The probative value of a comprehensive trademark survey rarely justifies its cost. Even a relatively inexpensive trademark survey of modest scope can be valuable to a court if:
- it is designed and conducted fairly;
- it measures the right issue;
- its importance is not overstated; and
- it is only one of a number of pieces of evidence relied on.
Owing to decades of experience and scientific knowledge, properly conducted trademark surveys can assess the perceptions of selected universes of consumers with reasonable accuracy. However, the question remains whether the probative value of a trademark survey justifies its cost. The survey will often support the judge’s common sense perception; or, if not, the judge will find ways to reduce its weight or exclude it. This is not a criticism of surveys – rather an observation of how judges tend to react to the results of surveys that they disagree with.
In Interflora v Marks and Spencer (1 and 2) a UK court found that anecdotal evidence from a number of witnesses “cannot stand proxy for the impression of the average consumer”. The court decided that:
- a party may conduct a pilot survey without permission, but at its own risk as to costs;
- no further survey may be adduced without the court’s permission and disclosure of the pilot survey; and
- no party may adduce evidence from survey respondents without the court’s permission.
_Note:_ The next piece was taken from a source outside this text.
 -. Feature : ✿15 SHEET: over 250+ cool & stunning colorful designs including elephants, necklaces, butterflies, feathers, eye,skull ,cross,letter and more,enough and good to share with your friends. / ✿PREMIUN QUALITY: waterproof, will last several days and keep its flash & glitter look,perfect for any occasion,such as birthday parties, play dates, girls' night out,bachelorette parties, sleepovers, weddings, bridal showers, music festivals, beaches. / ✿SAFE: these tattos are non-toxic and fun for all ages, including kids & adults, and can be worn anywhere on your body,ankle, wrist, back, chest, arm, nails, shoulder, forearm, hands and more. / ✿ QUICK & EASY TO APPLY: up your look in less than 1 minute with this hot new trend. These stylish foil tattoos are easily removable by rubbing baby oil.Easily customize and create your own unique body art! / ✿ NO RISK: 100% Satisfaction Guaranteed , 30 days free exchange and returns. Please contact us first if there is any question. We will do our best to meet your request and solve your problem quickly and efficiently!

Even though a survey may be technically admissible, the court must evaluate at an early stage whether it would be of ‘real value’ and whether its likely benefit would justify its cost.
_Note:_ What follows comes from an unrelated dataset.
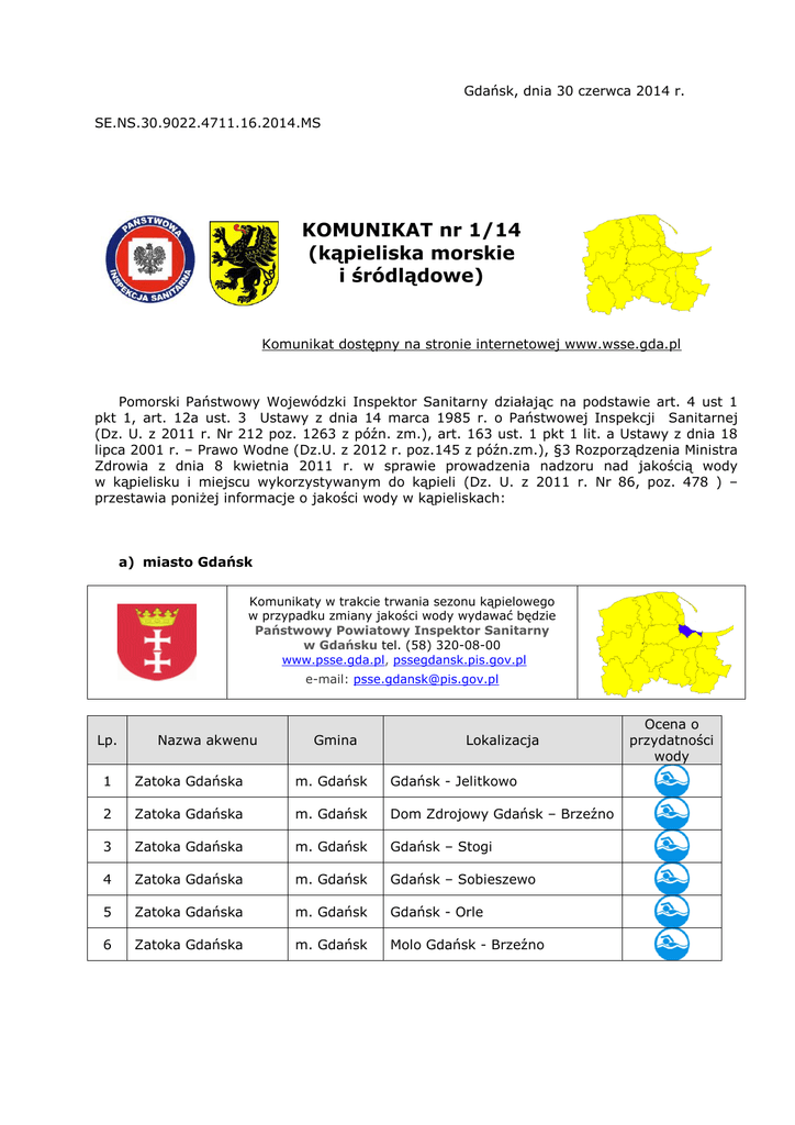Gdańsk, dnia 30 czerwca 2014 r. SE.NS.30.9022.4711.16.2014.MS KOMUNIKAT nr 1/14 (kąpieliska morskie i śródlądowe) Komunikat dostępny na stronie internetowej www.wsse.gda.pl Pomorski Państwowy Wojewódzki Inspektor Sanitarny działając na podstawie art. 4 ust 1 pkt 1, art. 12a ust. 3 Ustawy z dnia 14 marca 1985 r. o Państwowej Inspekcji Sanitarnej (Dz. U. z 2011 r. Nr 212 poz. 1263 z późn. zm.), art. 163 ust. 1 pkt 1 lit. a Ustawy z dnia 18 lipca 2001 r. – Prawo Wodne (Dz.U. z 2012 r. poz.145 z późn.zm.), §3 Rozporządzenia Ministra Zdrowia z dnia 8 kwietnia 2011 r. w sprawie prowadzenia nadzoru nad jakością wody w kąpielisku i miejscu wykorzystywanym do kąpieli (Dz. U. z 2011 r. Nr 86, poz. 478 ) – przestawia poniżej informacje o jakości wody w kąpieliskach: a) miasto Gdańsk Komunikaty w trakcie trwania sezonu kąpielowego w przypadku zmiany jakości wody wydawać będzie Państwowy Powiatowy Inspektor Sanitarny w Gdańsku tel. (58) 320-08-00 www.psse.gda.pl, pssegdansk.pis.gov.pl e-mail: [email protected] Lp. Nazwa akwenu Gmina Lokalizacja 1 Zatoka Gdańska m. Gdańsk Gdańsk - Jelitkowo 2 Zatoka Gdańska m. Gdańsk Dom Zdrojowy Gdańsk – Brzeźno 3 Zatoka Gdańska m. Gdańsk Gdańsk – Stogi 4 Zatoka Gdańska m. Gdańsk Gdańsk – Sobieszewo 5 Zatoka Gdańska m. Gdańsk Gdańsk - Orle 6 Zatoka Gdańska m. Gdańsk Molo Gdańsk - Brzeźno Ocena o przydatności wody b) miasto Sopot Komunikaty w trakcie trwania sezonu kąpielowego w przypadku zmiany jakości wody wydawać będzie Państwowy Powiatowy Inspektor Sanitarny w Sopocie tel. (58) 551-06-35 www.psse.sopot.pl e-mail: [email protected] Lp. Nazwa akwenu Gmina Lokalizacja 1 Zatoka Gdańska m. Sopot Sopot - Kamienny Potok– Koliba 2 Zatoka Gdańska m. Sopot Sopot - Łazienki Południowe Ocena o przydatności wody c) miasto Gdynia Komunikaty w trakcie trwania sezonu kąpielowego w przypadku zmiany jakości wody wydawać będzie Państwowy Powiatowy Inspektor Sanitarny w Gdyni, tel. (58) 620-17-98 e-mail: [email protected] www.psse.gdynia.pl Lp. Nazwa akwenu Gmina Lokalizacja 1 Zatoka Gdańska Gdynia Gdynia Śródmieście 2 Zatoka Gdańska Gdynia Gdynia Redłowo 3 Zatoka Gdańska Gdynia Gdynia Orłowo 4 Zatoka Gdańska Gdynia Gdynia Babie Doły Ocena o przydatności wody d) powiat słupski Komunikaty w trakcie trwania sezonu kąpielowego w przypadku zmiany jakości wody wydawać będzie Państwowy Powiatowy Inspektor Sanitarny w Słupsku, tel. (59) 843-12-91 e-mail: [email protected] www.psse.slupsk.pl Lp. Nazwa akwenu Gmina Lokalizacja 1 Morze Bałtyckie Ustka Ustka Zachód 2 Morze Bałtyckie Ustka Ustka Wschód Ocena o przydatności wody e) powiat chojnicki Komunikaty w trakcie trwania sezonu kąpielowego w przypadku zmiany jakości wody wydawać będzie Państwowy Powiatowy Inspektor Sanitarny w Chojnicach tel. (52) 397-63-95 e-mail: [email protected] www.chojniceinfo.net/sanepid Lp. Nazwa akwenu Gmina Lokalizacja 1 Jezioro Ostrowite Czersk Ostrowite Ocena o przydatności wody f) powiat człuchowski Komunikaty w trakcie trwania sezonu kąpielowego w przypadku zmiany jakości wody wydawać będzie Państwowy Powiatowy Inspektor Sanitarny w Człuchowie tel. (59) 834-11-42 e-mail: [email protected] http://www.wsse.gda.pl/bip_czluchow Lp. Nazwa akwenu Gmina 1 Jezioro Rychnowskie Człuchów 2 Jezioro Końskie Przechlewo 3 Jezioro Szczytno Rzeczenica 4 Jezioro Miejskie Debrznomiasto 5 Jezioro Dymno Koczała 6 Jezioro Żuczek Debrzno 7 Jezioro Rychnowskie Człuchów Lokalizacja Ocena o przydatnośc i wody Kąpielisko OSiR ul. Wojska Polskiego 62, 77-300 Człuchów Kąpielisko nad jeziorem Końskim w Przechlewie Kąpielisko nad jeziorem Szczytno przy Ośrodku RekreacyjnoWypoczynkowym "Rzewnica" Kąpielisko - Jezioro Staw Miejski w Debrznie Kąpielisko nad jeziorem Dymno w Koczale Kąpielisko – Jezioro Żuczek w Debrznie Kąpielisko przy Ośrodku Szkoleniowym WOPR Ględowo 3W g) powiat gdański Komunikaty w trakcie trwania sezonu kąpielowego w przypadku zmiany jakości wody wydawać będzie Państwowy Powiatowy Inspektor Sanitarny w Pruszczu Gdańskim tel. (58) 683-54-12 e-mail: [email protected] http://www.wsse.gda.pl/bip_pruszcz Lp. Nazwa akwenu Gmina Lokalizacja 1 Jezioro Przywidz Przywidz Przywidz - kąpielisko gminne przy ul. Jeziornej Ocena o przydatności wody h) powiat kościerski Komunikaty w trakcie trwania sezonu kąpielowego w przypadku zmiany jakości wody wydawać będzie Powiatowa Stacja Sanitarno-Epidemiologiczna w Kościerzynie tel. (58) 686-69-48 e-mail: [email protected] http://www.wrotapomorza.pl/pl/bip/psse/psse_koscierzyna Lp. 1 Nazwa akwenu Jezioro Garczyn 2 Jezioro Garczyn Gmina Kościerzyna Kościerzyna Lokalizacja Ocena o przydatności wody Garczyn, przy Centrum Szkoleniowo – Wypoczynkowym w Garczynie Garczyn przy Powiatowym Centrum Młodzieży w Garczynie (Komunikaty w trakcie trwania sezonu kąpielowego w przypadku zmiany jakości wody wydawać będzie Wojewódzka Stacja Sanitarno Epidemiologiczna w Gdańsku tel. (58)3447300 w 253, www.wsse.gda.pl) i) powiat lęborski Komunikaty w trakcie trwania sezonu kąpielowego w przypadku zmiany jakości wody wydawać będzie Państwowy Powiatowy Inspektor Sanitarny w Lęborku tel. (59) 862-19-28 e-mail: [email protected] http://www.wsse.gda.pl/bip_lebork Lp. Nazwa akwenu Gmina Lokalizacja 1 Morze Bałtyckie Łeba Kąpielisko przy plaży "B" 2 Morze Bałtyckie Łeba Kąpielisko przy plaży "C" Ocena o przydatności wody j) powiat malborski Komunikaty w trakcie trwania sezonu (dla powiatu malborskiego i sztumskiego) w przypadku zmiany jakości wody wydawać będzie Państwowy Powiatowy Inspektor Sanitarny w Malborku tel. (55) 647-25-55 e –mail: [email protected] http://www.wsse.gda.pl/bip_malbork Lp. Nazwa akwenu Gmina Lokalizacja 1 rzeka Nogat Malbork Kąpielisko nr 1 Malbork ul. Wileńska Ocena o przydatności wody k) powiat nowodworski Komunikaty w trakcie trwania sezonu kąpielowego w przypadku zmiany jakości wody wydawać będzie Pań

Masterpiece v Alavida is a leading Canadian Supreme Court case involving survey evidence. Writing for a unanimous court, Justice Rothstein referred to the following principles set out in R v Mohan in considering the admissibility of expert evidence in trademark cases:
- relevance;
- necessity in assisting the trier of fact;
- the absence of any exclusionary rule; and
- a properly qualified expert.
The judge emphasised that expert evidence must be necessary and not merely helpful, while an expert’s opinion must not be affected by the objectives of the party that retained the expert.
The court’s remarks do not mean that survey evidence has no place in trademark litigation. On the contrary, it is likely that in many cases the relevant universe of consumers may be unfamiliar to the trial judge, or the market addressed by the competing goods or services may be specialised and outside the knowledge of the trial judge. In addition, where the gap between the respective goods and services of the competing trademarks or the differences in the competing trademarks is sufficiently large, even experienced lawyers and judges might see no likelihood of confusion when significant confusion in fact may exist. Moreover, surveys are only one aspect of social science that can be used in proper cases to prove or disprove public perceptions relating to likelihood of confusion.
The tension between judges’ reluctance to give up deciding likelihood of confusion issues for themselves except in particular situations and the scientific approach to measuring consumer perceptions leads to a more fundamental question: whether the likelihood of confusion test ought to be supplanted with a system that more properly balances the rights of traders and the rights of the public to freedom of competition.